Marvin Weiss opened his first business, a discount toy store called Toy Riot, in 1955 that sold all 88-cent toys. Toy Riot evolved into Viking Casual Furniture when he began selling patio furniture in addition to toys.

“Marv was a self-made man, who started his business in 1955 with $500 he saved while serving in the U.S. military for nearly a decade. Marvin was stationed at Guantanamo Bay, Cuba during the Korean War, when Cuba was an exciting place to be with casinos and a vibrant nightlife which dad always enjoyed. In the toy business he had the concept of selling everything—toys, tools, housewares—for 88 cents,” Rose Weiss once said. A competitor came in and sold the same sort of stock for 68 cents, so they began selling rattan and redwood furniture.

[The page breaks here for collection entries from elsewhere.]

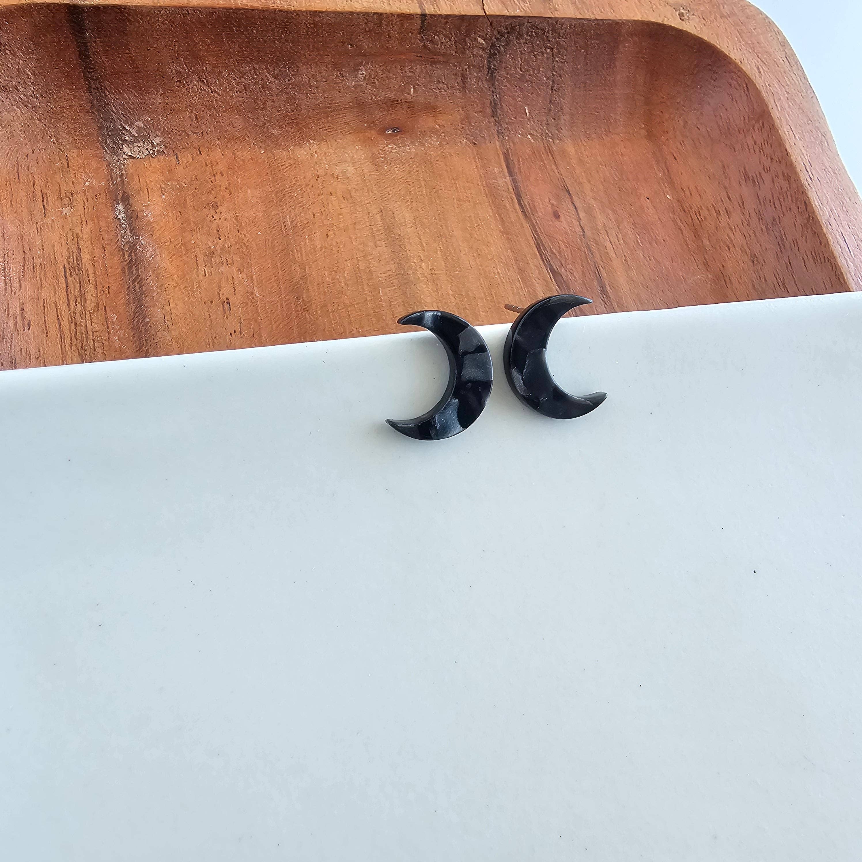 These moon-shaped earrings will add some celestial charm to any outfit. Reach for the stars and make a statement with these playful accessories. (One small step for fashion, one giant leap for style!) * Hypoallergenic stainless steel * Lightweight and durable plant-based acetate acrylic
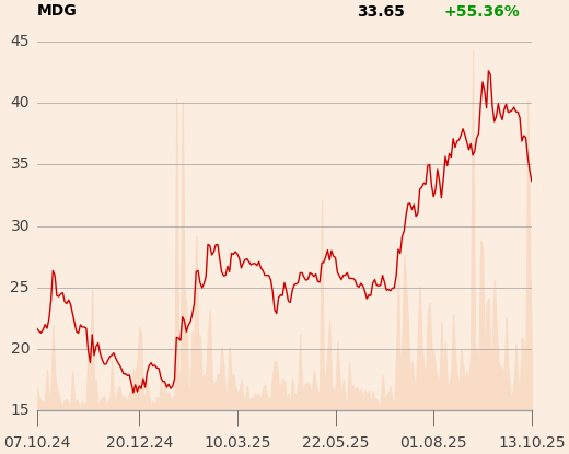 Raport został sporządzony przy cenie 34,50 zł za akcję.
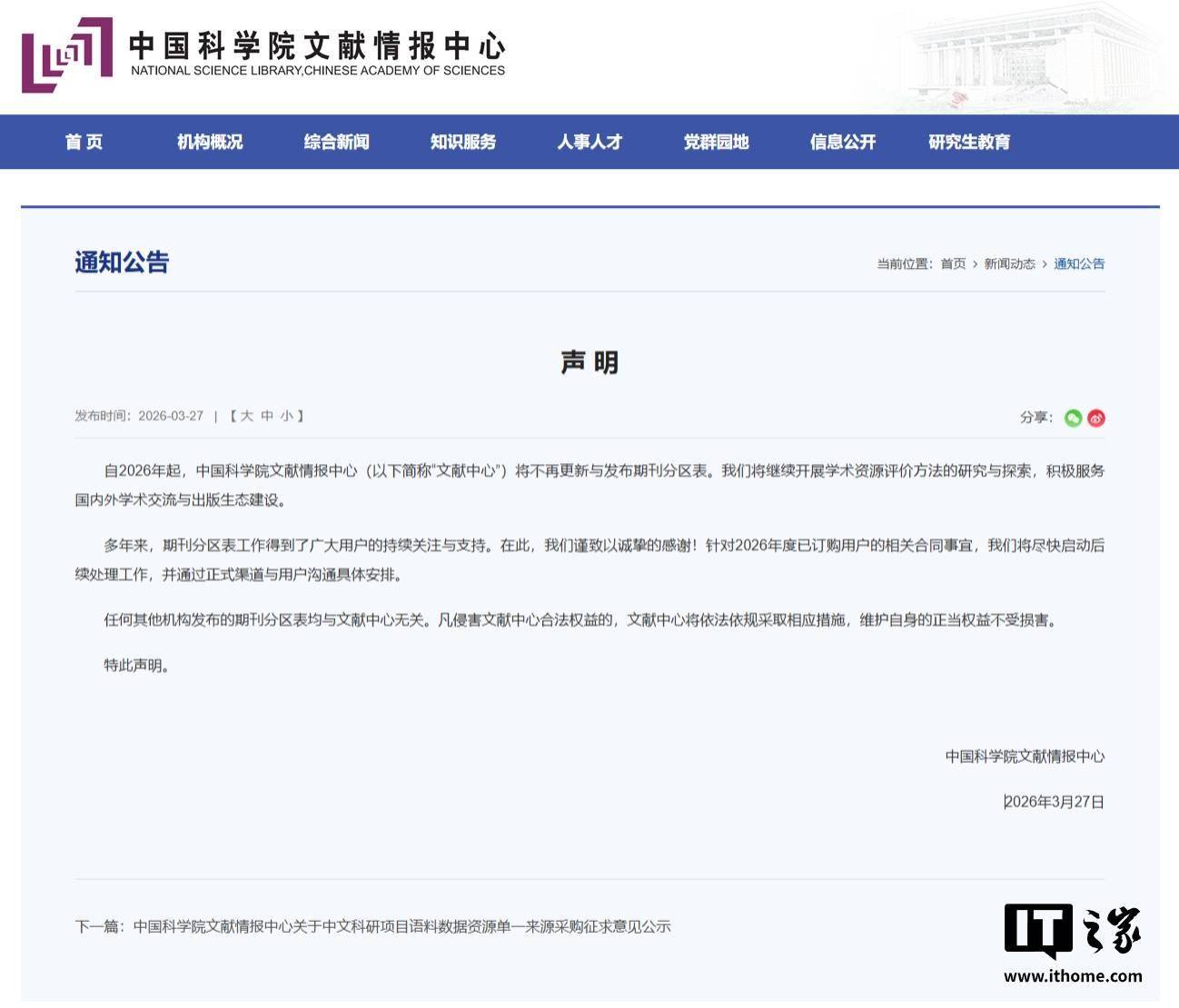 中国科学院文献情报中心在 3 月 27 日发表声明,宣布将不再更新与发布期刊分区表。这标志着运行二十余年、一度成为科研评价“硬标尺”的中国科学院期刊分区表,正式退出历史舞台。 IT之家附中国科学院文献情报中心声明原文如下: 自 2026 年起,中国科学院文献情报中心(以下简称“文献中心”)将不再更新与发布期刊分区表。我们将继续开展学术资源评价方法的研究与探索,积极服务国内外学术交流与出版生态建设。 多年来,期刊分区表工作得到了广大用户的持续关注与支持。在此,我们谨致以诚挚的感谢!针对 2026 年度已订购用户的相关合同事宜,我们将尽快启动后续处理工作,并通过正式渠道与用户沟通具体安排。 任何其他机构发布的期刊分区表均与文献中心无关。凡侵害文献中心合法权益的,文献中心将依法依规采取相应措施,维护自身的正当权益不受损害。 特此声明。 中国科学院文献情报中心 2026 年 3 月 27 日

In 1965, they sold off the toys and began Viking Casual Furniture. Son Stuart took over the business in 1986.

Rose and Marvin Weiss did not only sell furniture, they also volunteered to help immigrant families from Russia, Vietnam, and other countries by donating and delivering furniture to new immigrants in need of furniture for their first apartments in the U.S. If a house burned down, they made a point of donating kitchen sets to those in need, said daughter Robin Weiss.

Rose and Marvin enjoyed going to the beach in Ventnor City, where they enjoyed their beach house, and Atlantic City, traveling the world, and going antiquing. They collected postcards from Camden, some dating back to the 1800s.

Rose Weiss is survived by her daughters, Robin Weiss and Nancy Aronson (Wayne Aronson); son Stuart; two grandchildren, and three step-grandchildren.